THE LAST AIRBENDER(輸入盤Blu-ray)

邦題:エアベンダー

基本データ

THE LAST AIRBENDER Blu-rayジャケット
  • レーベル:PARAMOUNT HOME ENTERTAINMENT
  • 制作年度:2010年
  • 上演時間:103分
  • 監督:M.ナイト・シャマラン
  • 出演:ノア・リンガー、デヴ・パテル、ニコラ・ペルツ
  • 画面:2.35:1/アナモルフィック
  • 音声:DTS-HD MASTER AUDIO 5.1ch 英語 / DOLBY DIGITAL 5.1ch フランス語、スペイン語、ポルトガル語
  • 字幕:英語、フランス語、スペイン語、ポルトガル語

あらすじ

 かつて地上では、水の国、大地の国、火の国、空気の国と4つに分かれ、平和に暮らしていた。しかし、空気の国のベンダーが姿を消し、地上は混乱の元となった。この機に乗じて火の国が侵略を開始し、各国は崩壊する。それから何年もの時を経て、水の国の少女カタラは兄と一緒に狩りの最中、氷の中に閉じ込められていた空気の国の生き残り、ベンダーであるアンを救い出す。しかし、火の国はアンの力を手に入れようと、彼に魔の手を忍ばせてくるのであった。

感想

 元々ニコロデオンというケーブルテレビ局で放映されていたアニメ「AVATAR THE LAST AIRBENDER」という作品を実写化した作品が本作です。
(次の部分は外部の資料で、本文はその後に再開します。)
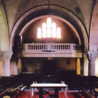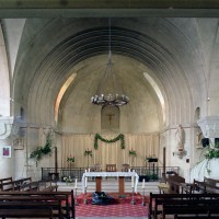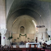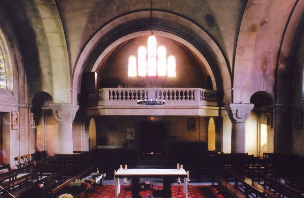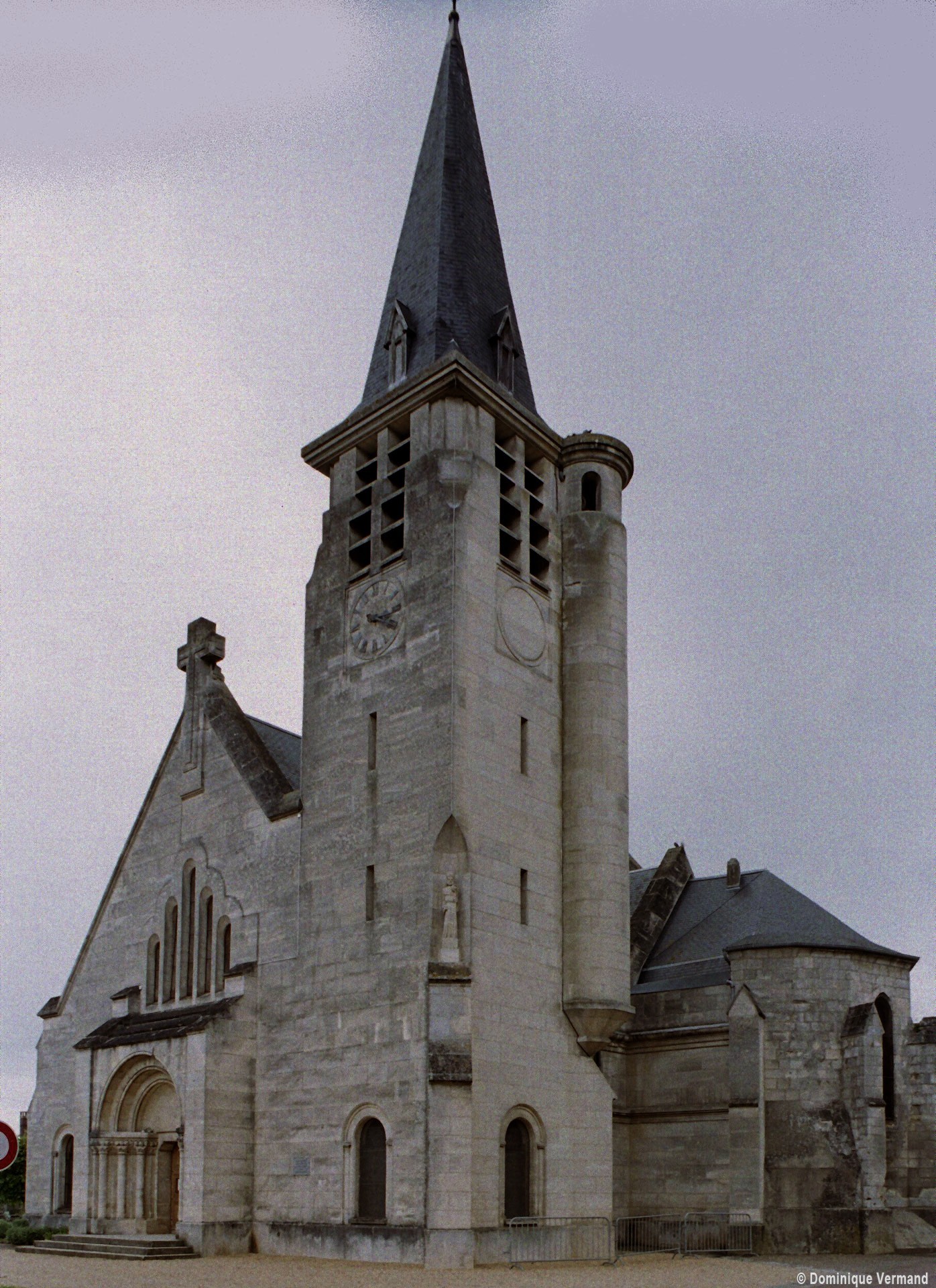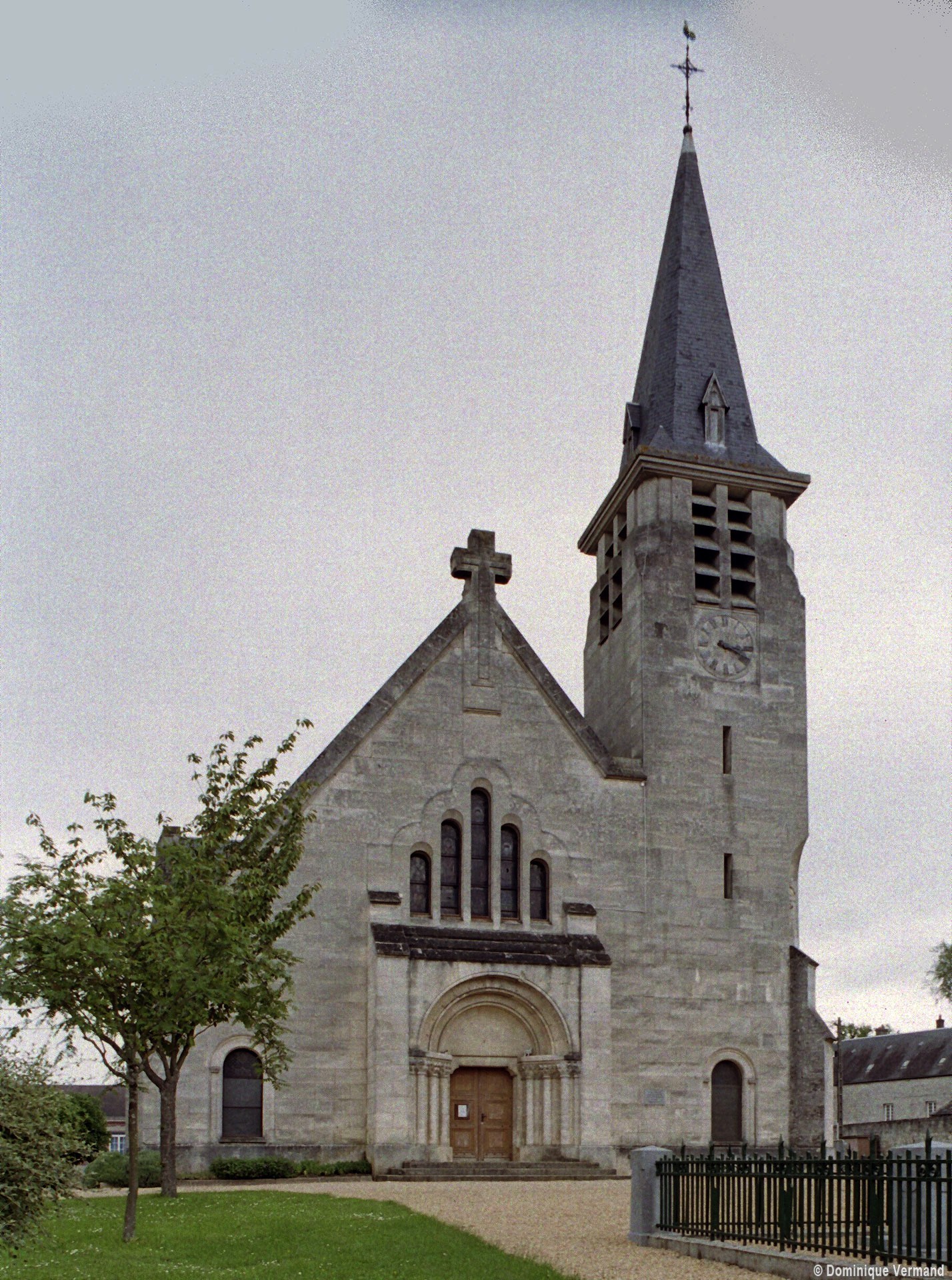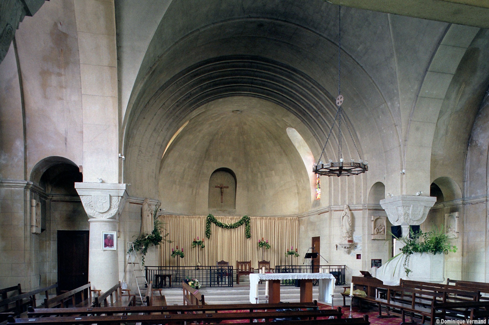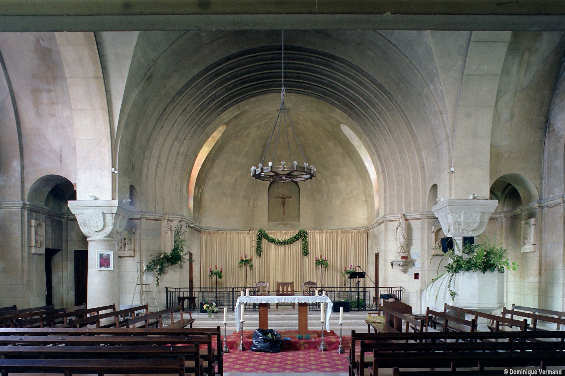 La nouvelle église, bâtie dans la belle pierre calcaire de la région, est dominée par un haut clocher latéral de style art déco intégré dans un massif de façade avec tribune. A l’opposé, le choeur pentagonal fait écho à l’abside de l’ancien édifice. Entre les deux se développe une nef de plan carré, qui est la partie la plus originale de Saint-Eloi. Une voûte d’arêtes encadrée par quatre arcs-doubleaux en plein cintre en couvre la majeure partie. Ces derniers retombent sur quatre piles circulaires par l’intermédiaire de gros chapiteaux cubiques sculptés, en faible relief, des symboles des évangélistes. D’étroites voûtes en berceau assurent la liaison entre cet espace central et les murs latéraux, le porche et le choeur. La chapelle du palais épiscopal de Laon, des années 1180, montre une telle disposition, dérivée de modèles beaucoup plus anciens.

興行収入的には1億ドルを突破いたしましたが、製作費を北米だけで回収するには至らず、そればかりか最低映画大賞を決めるゴールデン・ラズベリー・アワードの最低作品賞ほか4部門まで受賞してしまったという散々な結果をもたらした作品でもあります。

 

 今作「エアベンダー」はM.ナイト・シャマラン監督としては初の原作付映画の作品ともなりましたが、デビュー作「シックス・センス」以来、本数を重ねるごとに評判が落ちていくところを見ると、本作もその1本に挙げられるのではないかなと思います。

 

 では作品を見ていてつまらなかったかといえばそうではなく、まあ楽しめたのですが、見ていて結構無理のあるストーリーになっているなと思いまして、まずのところ、主役が全然主役ではない、というか、誰にフォーカスをもたらしているのかがよく分からないというところがこの作品の欠点だと思います。

 

 主人公のアンに華がないため、感情移入ができずに、ただ素晴らしいCGとサウンドデザインを楽しむだけになってしまっているというのが実感であります。

 

 主人公アンに寄り添っていくのがカタラとその兄なんですが、これまたインパクトの薄い登場人物で、登場シーンも少なく、盛り上げる場面がほとんどないというのが致命的でもあります。

 

 これは別にこの3人だけにとどまらずに、たくさんの登場人物がインパクトの薄い感じで、唯一インパクトがあったのが執拗にアンを付け狙うズーコという火の国の王子だけというのが、見ていての感想です。彼だけはなぜか印象に残るのですが、主人公側ではなく、敵側になるために感情移入がさせにくいところはあります。

 

 あと気になったのが最初はカンフー映画のCG多用版かなと思わせていて、後半になるとなぜか「ロード・オブ・ザ・リング」シリーズみたいにファンタジーのような戦闘シーンが多く用いられるという中途半端な作りも目立ちます。これも作品の質を落としている点ではないかと思われます。

 

 物語冒頭で「第1章 水の国」と出て、その後何も章の分割がないからどうするのだろうと思っていたら、実は続編がありますよ、的な作りになっていて、それが物語を中途半端にさせている一因かもしれないと思います。しかしながら、映画というのはとりあえず最初の1本はそれひとつで完結しているものであり、続編が作られるかどうかも定かではない状態で物語を構成するのには無理があると思います。

 

 もちろん原作のアニメがあって、それの実写化ですから、原作的にはもっと先の話が描かれているのだろうと思いますが、脚本自身もシャマラン監督が担当しているという事もあって、原作のどの部分をフィーチャーしたのかよく分からないところがあります。

 

 映像は、1080pフルハイビジョンという事で、色乗りは抜群、グレインノイズもなく、大変鮮やかです。といっても大半が水の国の話という事もあって、水の色である青色が基本となった色調をしています。サウンドはプレイヤーの変換機能で通常のDTS 5.1chでヒアリングをしましたが、サウンドフィールドは広大で、リアサウンドの使い方も結構活躍をしていると思います。水や火を操るときの前後の移動感もリアルに鳴っています。